Bob wrote that a highlight of that year was when Mr. Sweeney asked him to ride along on a wild-horse roundup along with other area ranchers and cowboys. “Real excitement for a Honyocker who had been raised on an Oklahoma farm,” he stated.
September ended his time working for Mr. Sweeney. He then returned to his homestead. But what about his homestead house?
Bob’s brother Edwin had cut, trimmed, and drug logs from Devil’s Canyon in the Long Pines where he piled them. They made trips there, loading the logs and hauling them to the site Bob had chosen for his 16’x24’ house. Some of the logs were long (ridge logs) that made for hard work on the twenty-mile round trip. More necessary material Bob bought and hauled from the Rickard Lumber Sawmill east of Ekalaka in the Pine Hills, a forty mile round trip.
Where and how did he live while the house was being built? Well, Edwin and Anita had a large tent which they moved to Bob’s homestead.
To construct a log house around 1910, a lot of primitive tools were used. Bob prepared the logs for hewing on two opposite sides with an axe, making two flat sides. Bob described his other tools besides the axe as a “saw, hammer, nails, and a wooden square made of wood.” They used a flat pan of water for a level and a strong cord weighted with a heavy nut from a bolt as a plumb line.
Carpenters nowadays enjoy their two and four foot level and their 18 and 20 volt tools. Again, life now and the way buildings are constructed is a far cry from those early days.
Bob continued writing about his house construction: “The roof was made of ‘Winnie Edge boards’ with other boards covering the cracks, and thick sod on top for the roof.

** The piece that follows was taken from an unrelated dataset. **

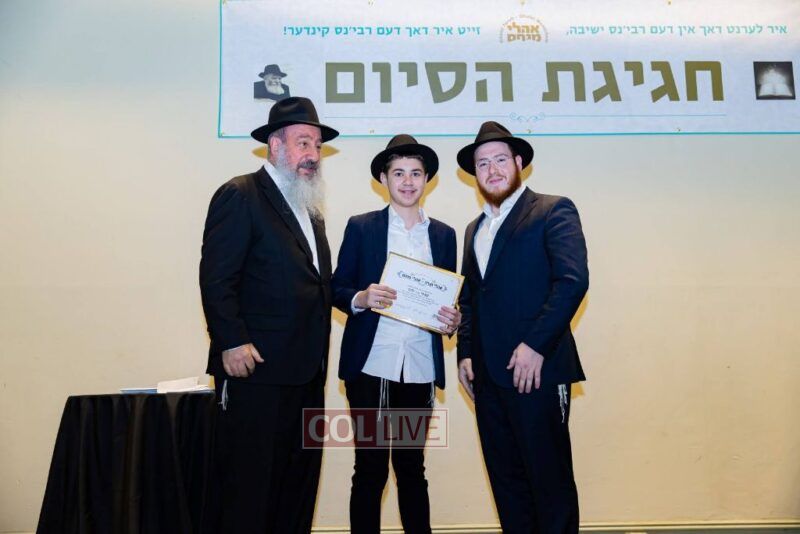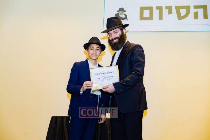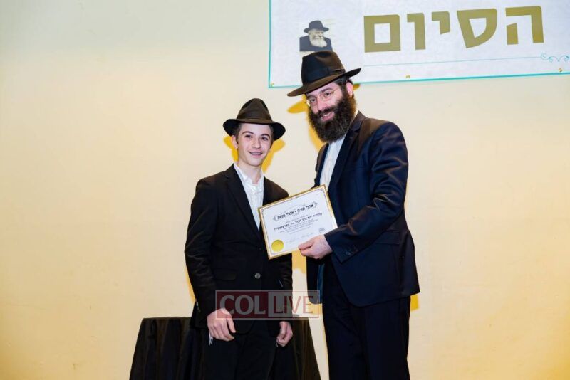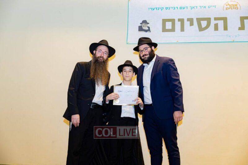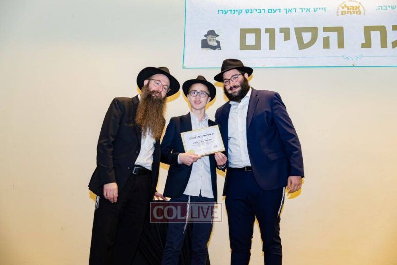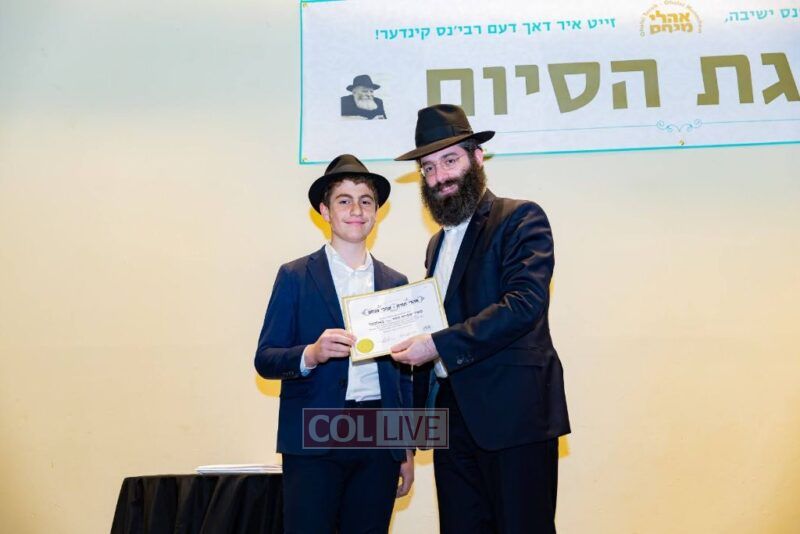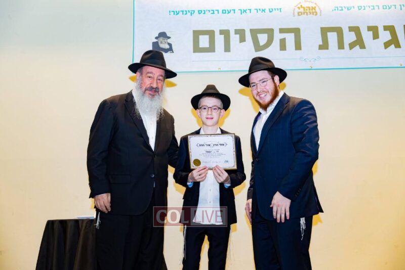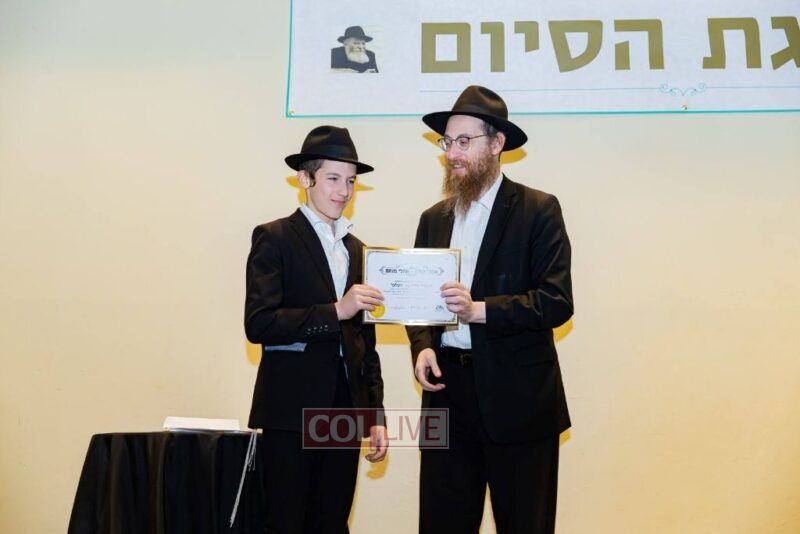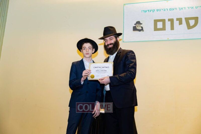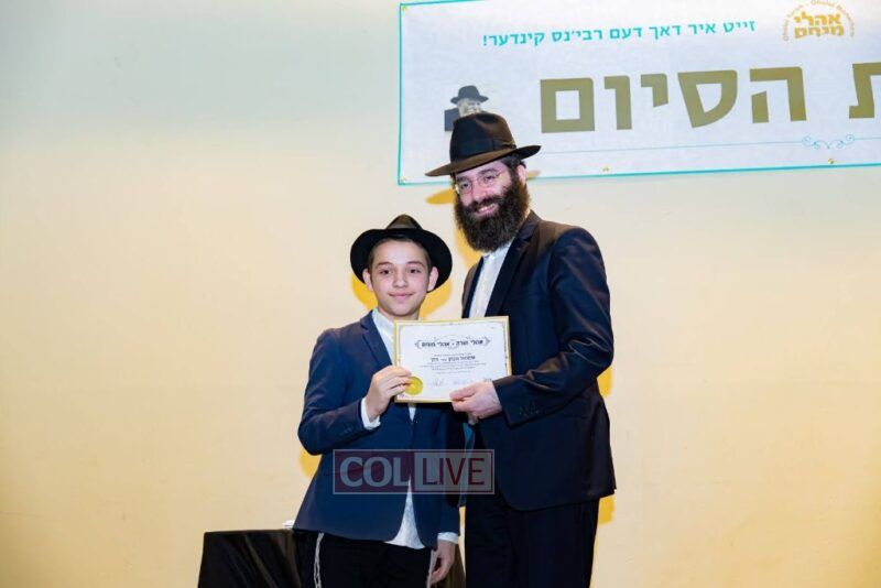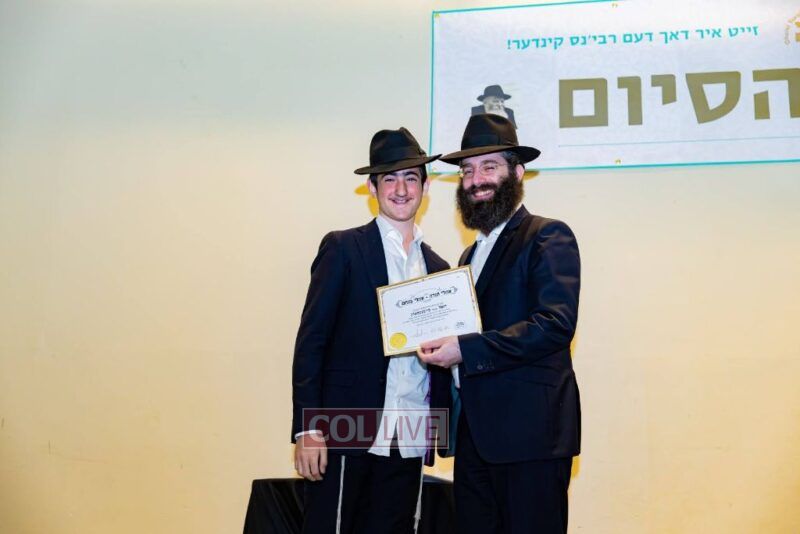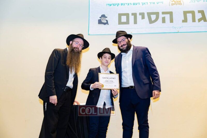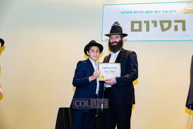 The graduation included a few Siymim made by students; Hatomim Mendel Feldman made a Siyum on a whole Masechta learned this year, Yankel Tzfasman made on Maseches Sota, and Shloime Katz on the entire Sefer Hamada.

We daubed the cracks with mud, and moved in on Thanksgiving Day, November 24, 1910. It seamed like a castle after living in a noisy, flapping tent that leaked and had a dirt floor.”
As I first read this, my thoughts turned to the several TV series on today where couples go look at houses to buy. The price range runs from $200,000 to $400,00, and sometimes even more. “It’s a little over our budget and we will also need to do some remodeling,” the couples often say. What different lifestyles.
As usual in Carter County, the drought continued during the year and there was no income for the homesteaders. Many of the homesteaders were bachelors like Bob, but a few families with children had settled nearby and they needed a school.
Then, as now, cooperation and “helping-one-another” was set in motion. All in the area took their teams and wagons to the Pine Hills south of Ekalaka and hauled logs to a selected site for a school house.
“Men with children furnished money to buy lumber, windows, and a low oblong wood-burning stove. All work was donated and the school was finished in January of 191,” Bob wrote. It was named Central School, because of its location to four other schools.
In 1920 a frame building replaced the little log school house. Around 1972 the school was moved to the Carter County Fairgrounds and later to Carter County Museum. To make sure all of this information was correct, I traveled to the museum grounds. It can be seen there. The sign reads, “Central School 1920-1947.” There is also a log house displayed there.
In Shifting Scenes Volume I, page 515, I found pictures of the Original Central School of 1911 with teacher Aneita Ackley and students. Below that picture was a group picture of Central School with students Morris Renshaw and Morine Renshaw. Morine Renshaw married Walter Anderson on June 17, 1937 in the home of Bob and Gracie Renshaw.
Please take my advice and go visit these two buildings sometime. The house is about the same size as the one Bob Renshaw built on his homestead near Rammy Creek.
On another note, Gwen Schultz at the museum confirmed with me that the sign for the school should read 1920-1963.